Application Cluster for checkmk itself

I was surprised not to discover any application based checkmk solution how to setup a cluster. IMHO this should be available for a product with a business critical approach. So I don’t want to monitor a cluster. I would like to be a cluster “myself”

We currently do have the following setup:
Here we are happy:
Managemgent server that just syncs config changes to the distributed boxes. Here we can afford downtime.
Frontend servers for the end users. These boxes just do a livestatus connection. Besides notifications and reports they are redundant. Here we are also ok.

Here we are unhappy:
With our distributed monitoring. In case of downtime we loose at lease performance data (when we retrieve an older backup). However and even worse is that during rebuild of these machines - might take up to an hour - even though it is up to 95% automated - the checks are simply unavailable.
Now we would like to have a solution on the application layer that helps us to use two checkmk instances with different IPs and without any DNS switch.
We simply would like to sync these “backend” instances and use them in parallel that there is no downtime for the user. Like we are able to do it with frontend systems.
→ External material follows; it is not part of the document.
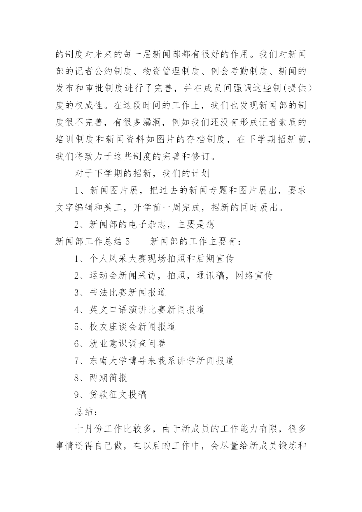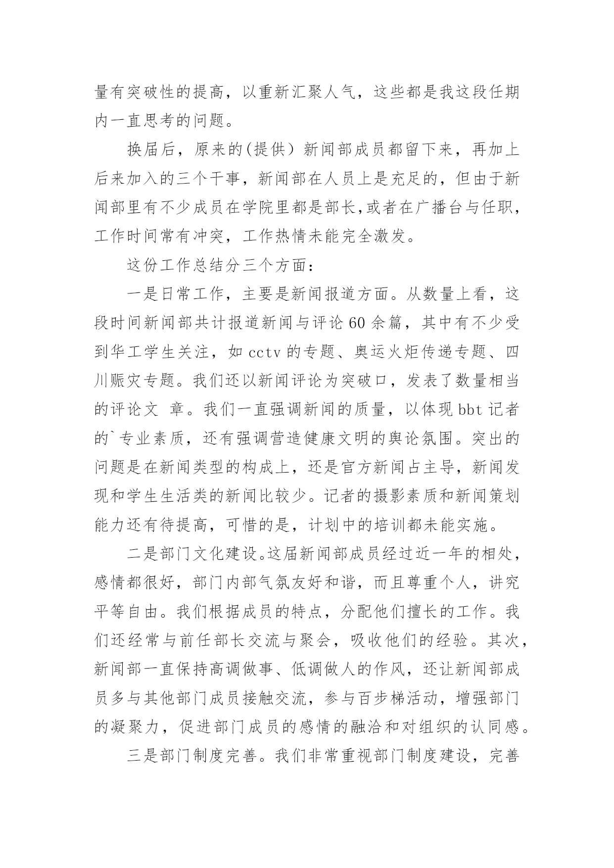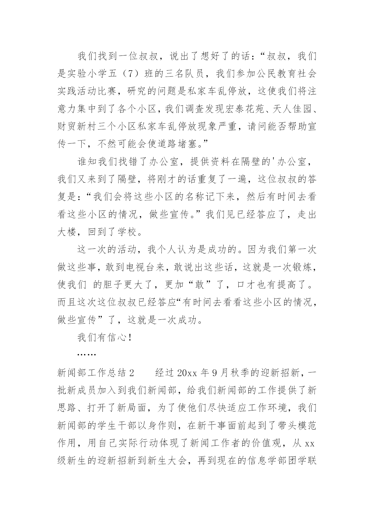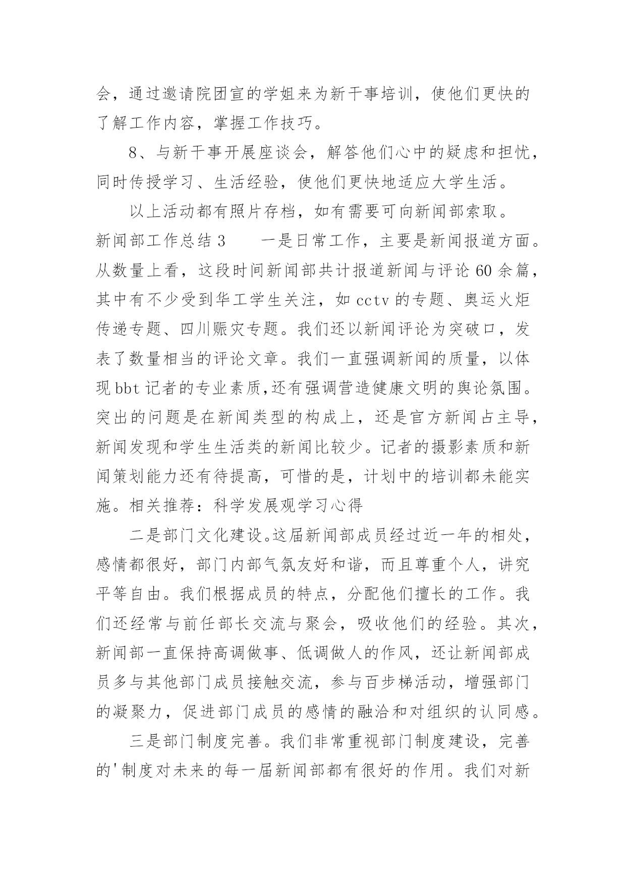 新闻部工作总结新闻部工作总结总结是在某一特定时间段对学习和工作生活或其完成情况,包括取得的成绩、存在的问题及得到的经验和教训加以回顾和分析的书面材料,它在我们的学习、工作中起到呈上启下的作用,让我们一起来学习写总结吧。我们该怎么去写总结呢?下面是小编帮大家整理的新闻部工作总结,欢迎阅读,希望大家能够喜欢。新闻部工作总结1星期二,有三个小学生从县政府大院的一幢办公楼里走了出来,你一定很奇怪,他们不上学吗?事情是这样的:星期二的下午没有必修课,所以我和另外两名同学组织好语言,准备好所需物品,快步走向溧水电视台新闻部。这次走出校门是因为我们参加公民教育社会实践活动比赛,研究的问题是私家车乱停放,这使我们将注意力集中到了各个小区,我们发现宏泰花苑、天人佳园、财贸新村三个小区私家车乱停放现象严重,于是,老师建议我们将情况提供给电视台,让他们帮助宣传一下。我们来到新闻工作室门前,又开始组织语言,生怕在提供资料时出了什么差错。一遍遍的核对语言后,我敲响了新闻办公室的门。“请进!”门内传来了一位叔叔的声音,我们推门进去。我们找到一位叔叔,说出了想好了的话:“叔叔,我们是实验小学五(7)班的三名队员,我们参加公民教育社会实践活动比赛,研究的问题是私家车乱停放,这使我们将注意力集中到了各个小区,我们调查发现宏泰花苑、天人佳园、财贸新村三个小区私家车乱停放现象严重,请问能否帮助宣传一下,不然可能会使道路堵塞。”谁知我们找错了办公室,提供资料在隔壁的'办公室,我们又来到了隔壁,将刚才的话重复了一遍,这位叔叔的答复是:“我们会将这些小区的名称记下来,然后有时间去看看这些小区的情况,做些宣传。”我们见已经答应了,走出大楼,回到了学校。这一次的活动,我个人认为是成功的。因为我们第一次做这些事,敢到电视台来,敢说出这些话,这就是一次锻炼,使我们的胆子更大了,更加“敢”了,口才也有提高了。而且这次这位叔叔已经答应“有时间去看看这些小区的情况,做些宣传”了,这就是一次成功。我们有信心!……新闻部工作总结2经过20xx年9月秋季的迎新招新,一批新成员加入到我们新闻部,给我们新闻部的工作提供了新思路、打开了新局面,为了使他们尽快适应工作环境,我们新闻部的学生干部以身作则,在新干事面前起到了带头模范作用,用自己实际行动体现了新闻工作者的价值观,从xx级新生的迎新招新到新生大会,再到现在的信息学部团学联的换届大会,我们秉承着责任、笃信、务实、创新的精神,在金秋九月完成学部交给我们的每项任务。也必将在今后的工作中一如既往,认真完成团学联的其他工作。具体工作内容:1、迎接新生入校,帮助他们更快地办理入学手续和寝室入住。同时用相机下记录团学联的工作场景。为团学联保留了珍贵的图片资料。2、向新生们介绍学部各专业的特色及发展前景,让他们对各自本专业有更充分更彻底的了解,从而帮助他们制定出适合自己的大学规划。3、在新生军训期间,新闻部派摄影记者全程跟踪训练,从而收集到了大量军训题材摄影作品,为xx级新生留下了丰富的历史资料,同时为今后视频制作提供了珍贵素材。4、在《学工简讯》上报道《新生大会》的情况,讲述读大学的必要性以及如何完成好大学学业,促进学生的'自身发展,强化他们的忧患意识。5、认真、仔细、负责的完成了20xx级部门招新工作,对登记报名本部门的xx级新生进行层层细致的筛选,在广大xx级新生群体中筛选出一批相对优秀的干事。为今后新闻部开展工作打下坚实基础。6、对新加入的成员召开首次部门例会,为他们创造认识彼此,了解彼此的机会,同时完成对部门成员的最终确定方案。7、与信息学部团宣一起,为xx级干事开工作经验交流会,通过邀请院团宣的学姐来为新干事培训,使他们更快的了解工作内容,掌握工作技巧。8、与新干事开展座谈会,解答他们心中的疑虑和担忧,同时传授学习、生活经验,使他们更快地适应大学生活。以上活动都有照片存档,如有需要可向新闻部索取。新闻部工作总结3一是日常工作,主要是新闻报道方面。从数量上看,这段时间新闻部共计报道新闻与评论60余篇,其中有不少受到华工学生关注,如cctv的专题、奥运火炬传递专题、四川赈灾专题。我们还以新闻评论为突破口,发表了数量相当的评论文章。我们一直强调新闻的质量,以体现bbt记者的专业素质,还有强调营造健康文明的舆论氛围。突出的问题是在新闻类型的构成上,还是官方新闻占主导,新闻发现和学生生活类的新闻比较少。记者的摄影素质和新闻策划能力还有待提高,可惜的是,计划中的培训都未能实施。相关推荐:科学发展观学习心得二是部门文化建设。这届新闻部成员经过近一年的相处,感情都很好,部门内部气氛友好和谐,而且尊重个人,讲究平等自由。我们根据成员的特点,分配他们擅长的工作。我们还经常与前任部长交流与聚会,吸收他们的经验。其次,新闻部一直保持高调做事、低调做人的作风,还让

So we simply would like to do the following: if distributed istance1 is gone just use distributed instance2.

I know about corosync and drbd. These were all cool tools in the past but in my case I don’t want to use them any longer.

May have a look at the checkmk appliance. It also use corosync and drbd but you dont need to care. All is configured in a nice web gui.

regards

Michael

2 Likes

The price for the (virtual) appliance is quite low when comparing that to the time needed to get a corosync drbd cluster running by yourself.

Best way for us would be to run it in an openshift env.

I know there is a docker image however just one instance makes the whole env less available.

For the distributed sites, you could run them as pods in a Kubernetes environment. Expose them via an ingress (or route in OC) and use a persistent volume for config&data storage.
Then you don’t have to worry about different IPs as the ingress + service inside Kubernetes will always direct to the correct pod. There will be a downtime as during an update / restart not both pods can be running at the same time and accessing (or rather writing to) the volume.